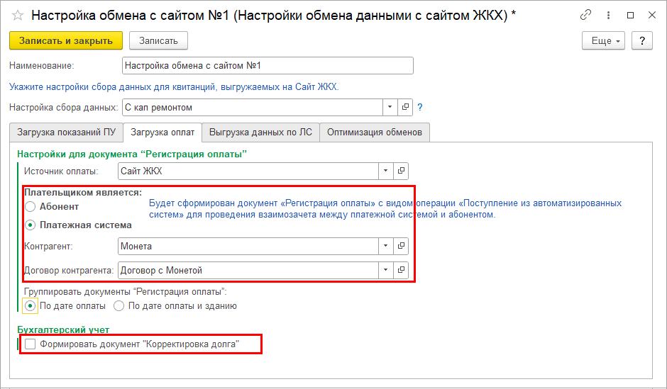 Платежная система – плательщиком является платежная система. При обмене будет создаваться документ «Регистрация оплаты» с видом операции «Поступление из автоматизированных систем приема оплаты». Дополнительно можно установить флаг «Формировать документ Корректировка долга» для проведения взаимозачета между платежной системой и абонентом. Этот документ можно создать и позднее, из документа «Регистрация оплаты» по кнопке «Документы оплаты → Отразить оплаты»:
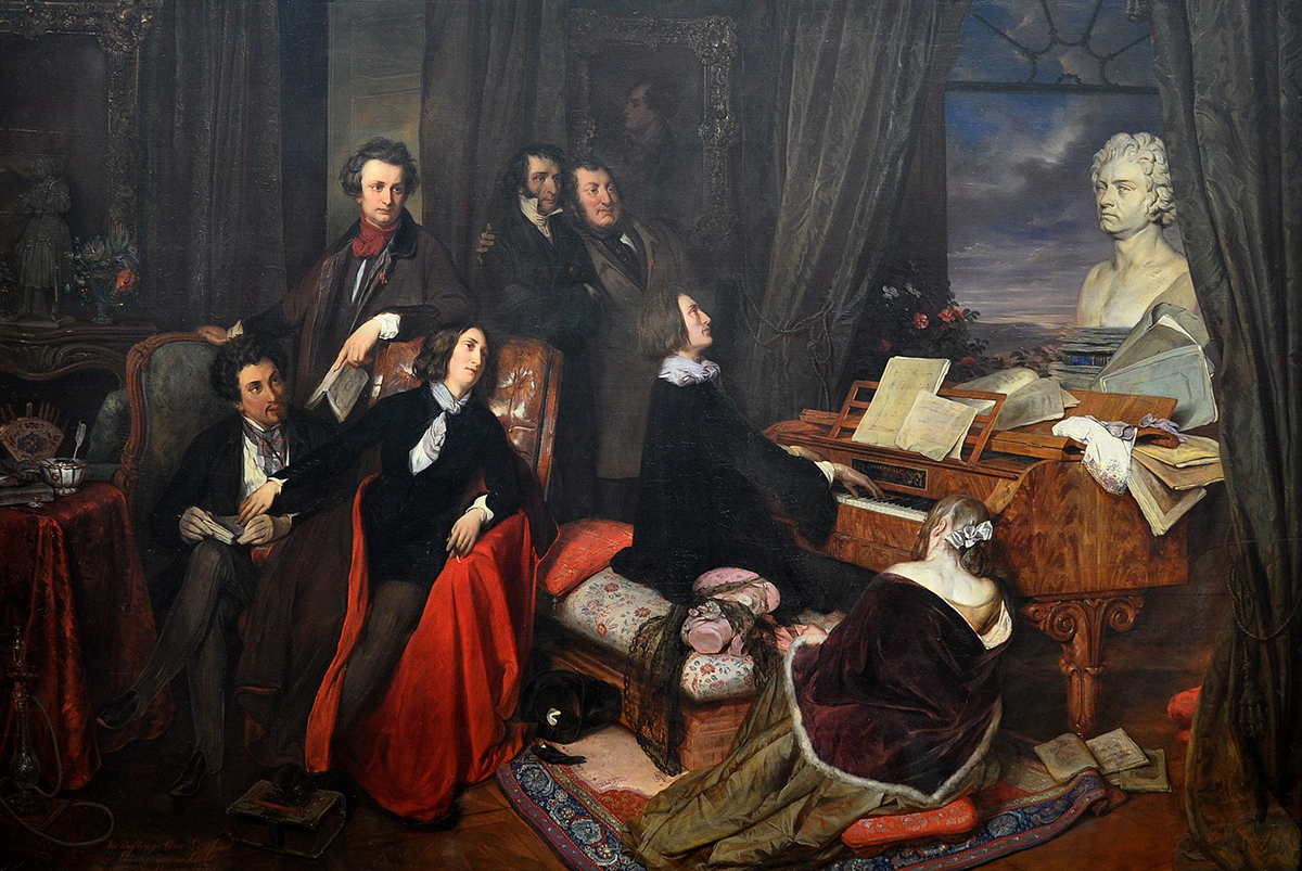 Яркий венгерский пианист начинал концерты с того, что тряс своими длинными светлыми волосами и бросал на пол зеленые перчатки. Затем он начинал играть так виртуозно, что все сходили с ума. Баронессы и графини рвали друг другу волосы, пытаясь завладеть стаканом или носовым платком, которые использовал Лист.
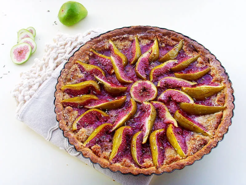 Тарт със смокини, бадеми и лавандула
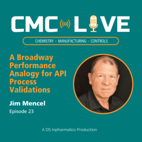 Welcome back to CMC.Live, where we are not here just to entertain you, but also to help educate and share some of our real-life experiences and recent experiences as well. As I said before, surprises are pretty good when it comes to birthday parties and winning the lottery, but not so much when it comes to developing and manufacturing critical active pharmaceutical ingredients, or APIs as we call them. On this podcast, we're going to be speaking with Jim Mencel once again – this time on the significance and science of process validation in the pharma industry as it relates to drug substance mainly.
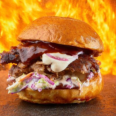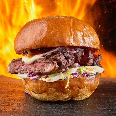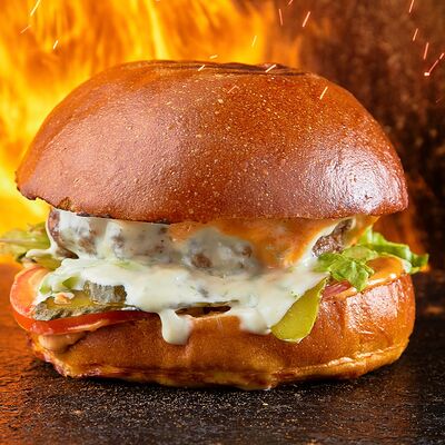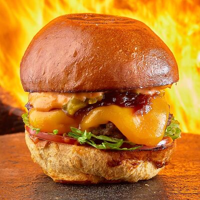 Домашняя булочка бриошь, котлета из мраморной говядины, салат айсберг, маринованный огурчик, соус на основе сыра дорблю, луковый конфитюр, фирменный соус
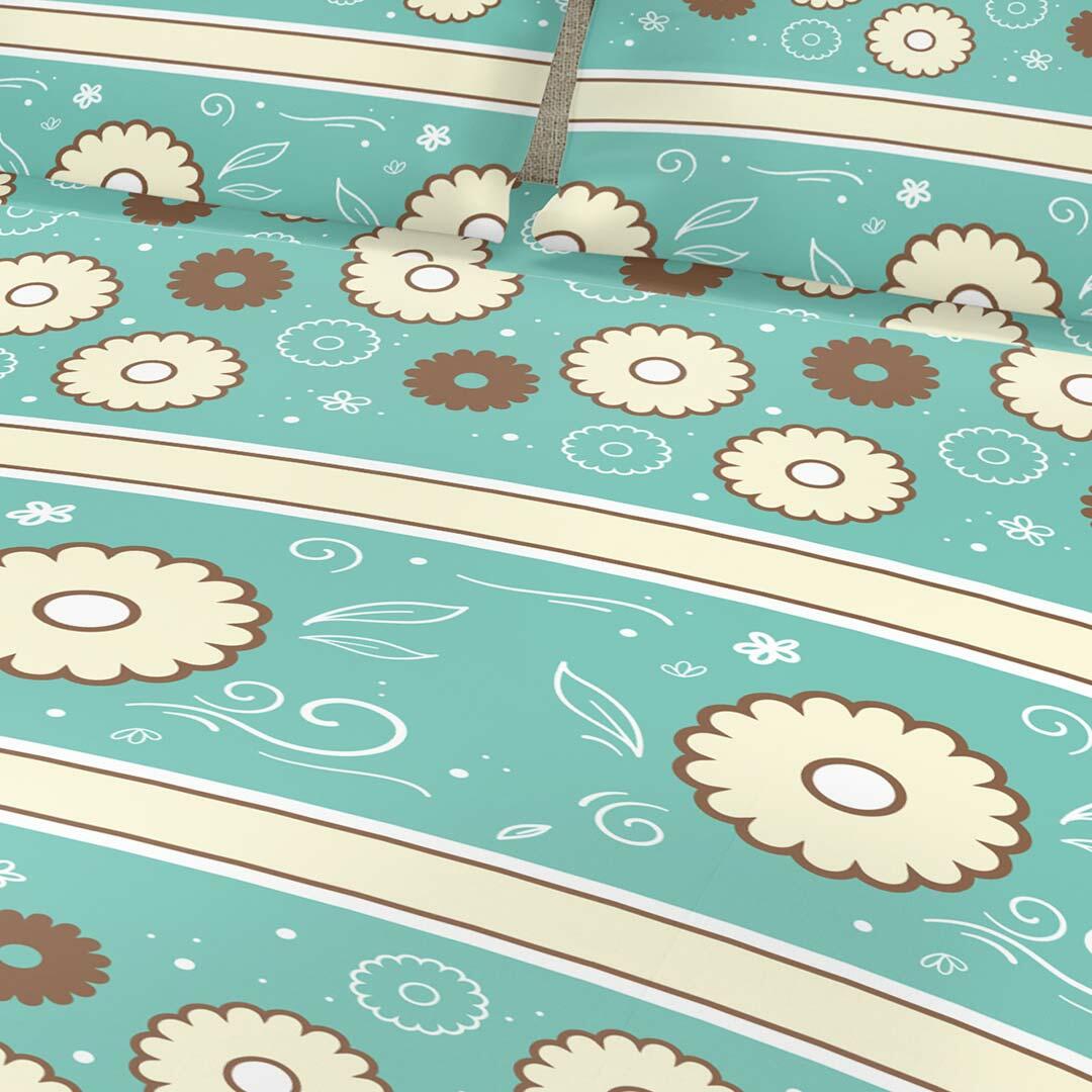 Juego de Sabanas Algodón 180 Hilos King 200 cm Azul con Flores Blancas y Cafes
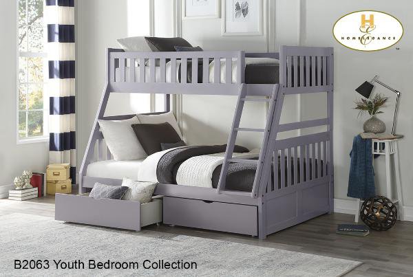 | Youth Bedroom Collection offering Twin/Twin, Twin/Full, Full/Full, Twin Captain's Bed and a Twin/Twin Step Bunk beds finished in Grey. |
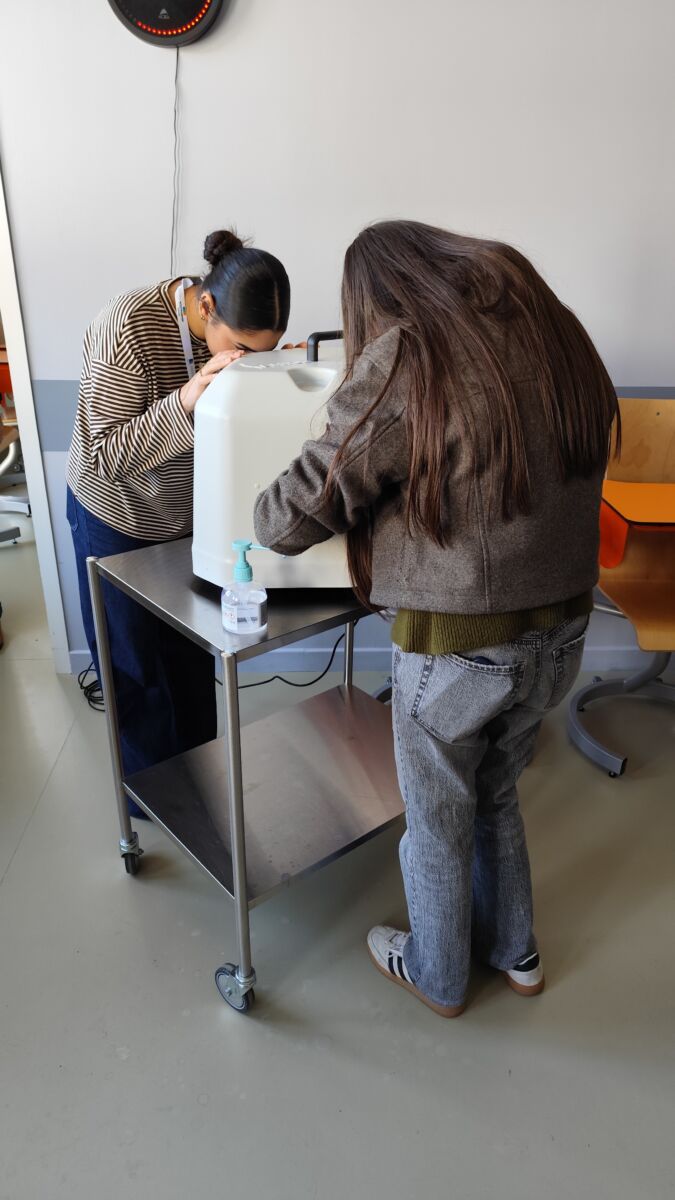 Lisa, étudiante en 1ère année infirmière, teste le kit de vieillissement

----------------------------------------

WHAT YOU WILL DO:
Please output all of the entries above exactly, but without any picture.

TASK RESPONSE:
 Платежная система – плательщиком является платежная система. При обмене будет создаваться документ «Регистрация оплаты» с видом операции «Поступление из автоматизированных систем приема оплаты». Дополнительно можно установить флаг «Формировать документ Корректировка долга» для проведения взаимозачета между платежной системой и абонентом. Этот документ можно создать и позднее, из документа «Регистрация оплаты» по кнопке «Документы оплаты → Отразить оплаты»:
 Яркий венгерский пианист начинал концерты с того, что тряс своими длинными светлыми волосами и бросал на пол зеленые перчатки. Затем он начинал играть так виртуозно, что все сходили с ума. Баронессы и графини рвали друг другу волосы, пытаясь завладеть стаканом или носовым платком, которые использовал Лист.
 Тарт със смокини, бадеми и лавандула
 Welcome back to CMC.Live, where we are not here just to entertain you, but also to help educate and share some of our real-life experiences and recent experiences as well. As I said before, surprises are pretty good when it comes to birthday parties and winning the lottery, but not so much when it comes to developing and manufacturing critical active pharmaceutical ingredients, or APIs as we call them. On this podcast, we're going to be speaking with Jim Mencel once again – this time on the significance and science of process validation in the pharma industry as it relates to drug substance mainly.
 Домашняя булочка бриошь, котлета из мраморной говядины, салат айсберг, маринованный огурчик, соус на основе сыра дорблю, луковый конфитюр, фирменный соус
 Juego de Sabanas Algodón 180 Hilos King 200 cm Azul con Flores Blancas y Cafes
 | Youth Bedroom Collection offering Twin/Twin, Twin/Full, Full/Full, Twin Captain's Bed and a Twin/Twin Step Bunk beds finished in Grey. |
 Lisa, étudiante en 1ère année infirmière, teste le kit de vieillissement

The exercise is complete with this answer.